De steeds toenemende stroom van big data betekent dat we uit een wereld zijn verhuisd, waar behavioural data schaars was naar een wereld waar behavioural data is er in overvloed. Maar omdat dit soort gegevens zijn relatief nieuw, een ongelukkige bedrag van onderzoek met behulp van hen ziet eruit als wetenschappers blindelings achterna beschikbare gegevens. Dit hoofdstuk, in plaats daarvan biedt een principiële benadering voor het begrijpen van de verschillende gegevensbronnen en hoe ze kunnen worden gebruikt. Dit rijker inzicht moet helpen beter overeenkomen met uw onderzoeksvragen naar geschikte bronnen van de gegevens. Of, indien dergelijke bestaande bronnen ontbreken, te overtuigen om uw eigen gegevens te verzamelen met behulp van de ideeën in de toekomst hoofdstukken.

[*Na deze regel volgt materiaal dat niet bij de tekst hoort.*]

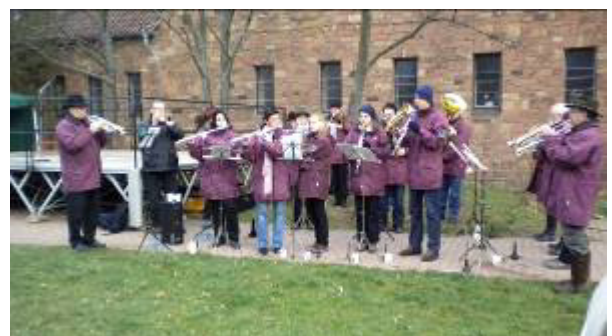
Seit 25 Jahren immer dabei: Das Posaunenensemble Hofheim

Jetzt schon vormerken! Familien- und Stadtteilstift im Nordend am Samstag, 21. Mai 2016, Spielplatz Kleine Weide/Nordendstraße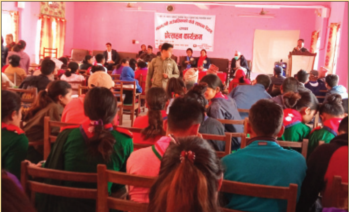
गाउँपालिका स्थापनाको अवसरमा विद्यालयका शिक्षक तथा विद्यार्थी प्रोत्साहन कार्यक्रम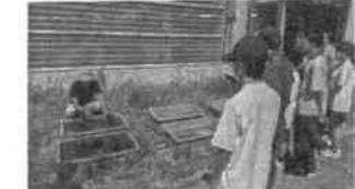
○セキショウモ移植

Een eerste stap om te leren van big data is om te beseffen dat het deel uitmaakt van een bredere categorie van de gegevens die zijn gebruikt voor het sociaal onderzoek voor vele jaren: waarnemingsgegevens. Ruwweg, observationele gegevens zijn alle gegevens die voortvloeit uit het observeren van een sociaal systeem zonder in te grijpen op een bepaalde manier. Een ruwe manier om na te denken over het is dat observationele data is alles wat niet gepaard gaat praten met mensen (bv, enquêtes, het onderwerp van hoofdstuk 3) of veranderende omgevingen van mensen (bijvoorbeeld experimenten, het onderwerp van hoofdstuk 4). Dus, in aanvulling op het bedrijfsleven en de overheid records waarnemingsgegevens omvat ook dingen zoals de tekst van krantenartikelen en satellietfoto's.
Dit hoofdstuk bestaat uit drie delen. Ten eerste, in paragraaf 2.2, beschrijf ik big data nader te verduidelijken en een fundamenteel verschil tussen haar en de gegevens die in het algemeen zijn gebruikt voor sociaal onderzoek in het verleden. Dan, in paragraaf 2.3, beschrijf ik tien gemeenschappelijke kenmerken van big data bronnen. Inzicht in deze kenmerken stelt ons in staat om de sterke en zwakke punten van bestaande bronnen snel te herkennen en zal ons helpen benutten van de nieuwe bronnen die zullen worden gecreëerd in de toekomst. Tot slot, in paragraaf 2.4, beschrijf ik drie belangrijke onderzoek strategieën die je kunt gebruiken om te leren van observationele data: het tellen van dingen, forecasting dingen, en benaderen van een experiment.